Я удостоился чести быть приглашенным в Живерни, к художнику «Белых кувшинок». Я заранее предвкушал удовольствие оттого, что смогу полюбоваться всеми картинами Моне. Однако я увидел лишь некоторые из них.
Дом был просторный, но стены утопали под холстами, написанными друзьями художника. В ответ на мое замечание, что картины такого отменного качества не часто увидишь даже у самых прославленных коллекционеров, Моне сказал:
– И тем не менее я беру только то, что хотят мне отдать! Большинство холстов, которые вы видите здесь, валялись на прилавках торговцев. В каком-то смысле я приобрел их в знак протеста против безразличия публики.
Я остановился перед картиной «Семья Моне» кисти Ренуара.
– Однажды Мане захотел нарисовать мою жену и детей, – объяснил мне Моне. – При этом присутствовал Ренуар. Он также взял холст и стал работать над тем же сюжетом. Когда Ренуар закончил картину, Мане отвел меня в сторону и сказал: «Моне, поскольку вы дружите с Ренуаром, вам бы следовало посоветовать ему сменить профессию. Вы же видите, что живопись – это не его призвание!»
* * *
На первый взгляд в Писсарро поражал его вид доброго, чуткого и в то же время безмятежного человека; это была та безмятежность, которую рождает весело выполняемая работа. Однако не было жизни тяжелее, чем жизнь Писсарро, с тех пор как он покинул свой остров Сен-Тома и обосновался во Франции! Семья была многочисленной. Мадам Писсарро смело взялась за возделывание участка, окружавшего их дом, и превратила его в картофельное поле. Наступил «ужасный год», события Коммуны. Художник, изгнанный из своей мастерской, нашел ее разоренной, когда вернулся назад. Его холсты, на которые было потрачено столько труда, пропали! Но Писсарро не поддался отчаянию, и произведения стали вновь рождаться одно за другим. Глядя на эти пейзажи, источающие запахи полей, на этих спокойных крестьянок, склонившихся над капустой или невозмутимо пасущих гусей, мог ли кто подумать, что бо́льшая часть картин была написана в самые тяжелые для художника времена?

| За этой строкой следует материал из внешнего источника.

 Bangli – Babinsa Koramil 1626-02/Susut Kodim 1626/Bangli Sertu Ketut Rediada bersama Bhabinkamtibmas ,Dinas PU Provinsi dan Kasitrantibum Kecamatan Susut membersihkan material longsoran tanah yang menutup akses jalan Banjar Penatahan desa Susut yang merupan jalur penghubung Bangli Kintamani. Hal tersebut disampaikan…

Покидая Дюран-Рюэля, Писсарро охотно заходил ко мне. С какой широтой ума судил этот старик о своих молодых товарищах! Он интересовался всеми поисками, увлекавшими тогда живописцев, – так любопытен он был ко всяким формам искусства. В одну из последних моих встреч с ним Писсарро поделился со мной тем, в какой восторг привела его страница одной древней книги. Он в подробностях рассказывал мне о ней, словно был наборщиком, но наборщиком той эпохи, когда еще не существовало линотипа.
Его сыновьям (все они тоже художники) было в кого пойти. Старший, Люсьен, позднее увлекся книгами. Он стал печатником, иллюстратором, издателем. Совершенство первой книги «Королева рыб», отпечатанной в его типографии, поражало, но она подействовала на меня как возбуждающее средство, заставив проявить упорство на издательском поприще.
* * *
Из всех тех, кого называли великими импрессионистами, наименее удачливым был Сислей, чьи полотна пользуются сегодня таким большим спросом. В определенные периоды своей жизни все испытывали жесточайшие лишения; но мэтр из Море никогда не знал даже относительного благополучия. В первый раз я увидел Сислея, придя к нему, чтобы попросить сделать цветную литографию для готовившегося мной альбома художников-граверов. Он с большой охотой принял мое предложение и нарисовал «Пасущую гусей».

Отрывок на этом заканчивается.